To take a look at the report yourself, you can download the full thing by following this link: https://www.insightdata.co.uk/reports/ you can also get the three previous industry reports there too.
One of my biggest takes from the report is that in the fabrication world, there are many parts of it that are actually getting smaller, and in areas where we were perhaps guilty of thinking it would be in expansion for a lot longer.
PVCu fabricator numbers continue to decline
I think one of the standout charts within the report is the drastic reduction in the number of PVCu window and door fabricators from 2008 to 2017. Nine years ago of course we were well into the depths of the Great Recession. During harsh economic times you would expect company numbers to fall as part of that cycle naturally anyway. But as the industry diversified and home owners sought new product options, numbers never recovered and have been sliding ever since:
The industry has lost nearly 1000 PVCu fabricators in nine years. That is an incredibly sharp correction, although many will argue that there was a huge amount of overcapacity in this part of the industry and that many had to go as there were far too many companies to go around to service the levels of business out there.
A change in buying patterns also has had a big part to play in this. Residential aluminium has been storming back, with many more installers taking up the product, and that will have naturally eaten away into the market share of PVCu in the residential sector.
Speaking of aluminium, you would be forgiven for thinking that due to the sharp increase in it’s popularity would lead to rising numbers of aluminium fabricators…
Ali fabricator growth plateaus
The latest Insight Data report would seem to suggest that aluminium fabricator growth is starting to level off:
Although the rise in the number of aluminium fabricators from 2011 to 2014 is not as dramatic as the fall in PVCu fabricators in the same period, it does demonstrate the rise in popularity of aluminium in the residential sector. Of course commercially aluminium has ruled the roost, but it’s in the residential area where it has made the biggest advances.

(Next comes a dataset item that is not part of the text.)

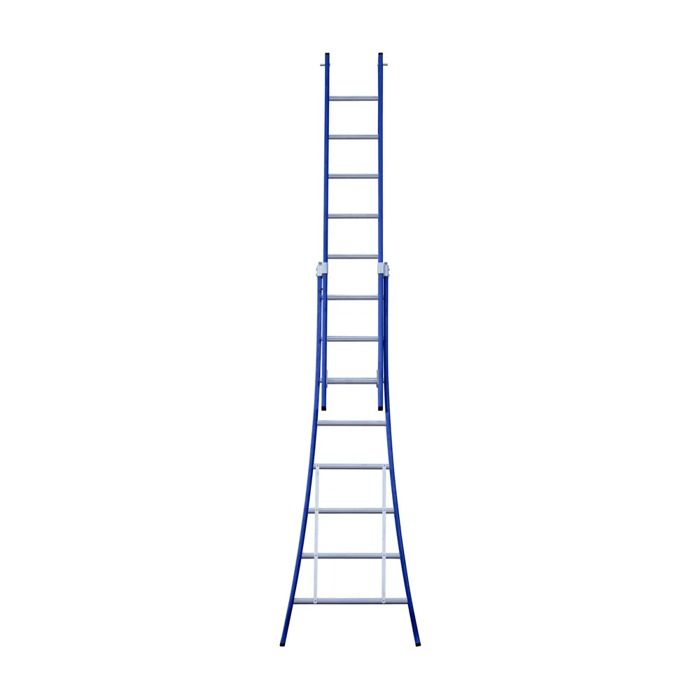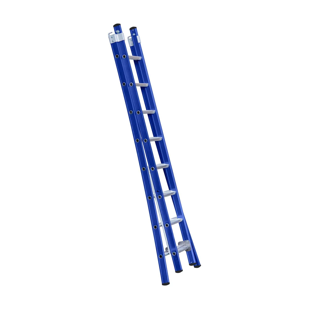 Eurostairs 2 section combination ladder 2x8 rungs curved base blue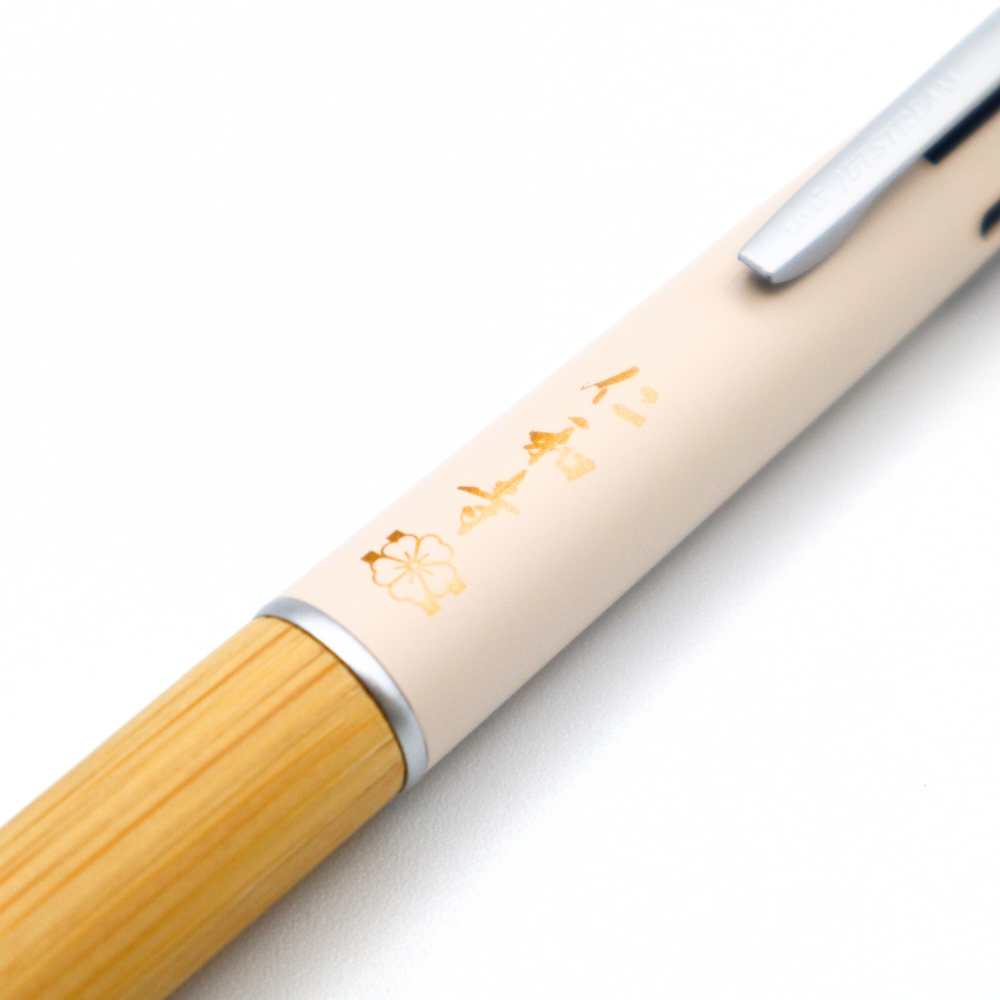 0.5mmのボールペン4色(黒、赤、青、緑)と0.5mmのシャープペンがついています。グリップ部には天然竹材を採用し、上品な風合いと耐久性が特徴です。

The 2017 report though appears to show a slow of the that growth to remaining flat. That’s not to say that an increasing number of installers aren’t selling aluminium, they are if you read the report in full. But it is an indication that perhaps the number of aluminium fabricators has reached a level that can now sustain the demand out there. I would say that any more aluminium fabricators than this would risk a PVCu-style scenario where this part of the market is over-inflated.
The theme of getting smaller continues in a lot of major areas…
It looks like the industry has been doing some serious downsizing over the past few years. On reflection, that is probably right. We are all fairly aware that there is a slowdown approaching, and I think that given the slowing demand from the general public, these figures reflect that to some degree.
I think what these figures also shows is that in some parts of our market, the products that were once considered to be booming are perhaps starting to reach their peaks. Take the composite door fabricator numbers for example. I don’t think many of us would have predicted that numbers would have started to fall by now. But they have. That doesn’t mean that demand for composite doors from the public is going to wane. Rather, the industry has enough composite door manufacturers out there to service the current levels of demand. The question then turns to the battle between the fabricators that are left for what is still a growing market.
The same goes for the aluminium sector. Demand from home owners continues to rise and looks set to for a while. The new numbers indicate that there is now enough fabricators to service that demand. The fight is now for market share between the manufacturers and who can thrive and who will fall by the wayside.
All in all though, these numbers paint a picture that shows fabrication in major decline in many areas. As we head into this predicted slowdown, future reports may well show these numbers shrinking even further.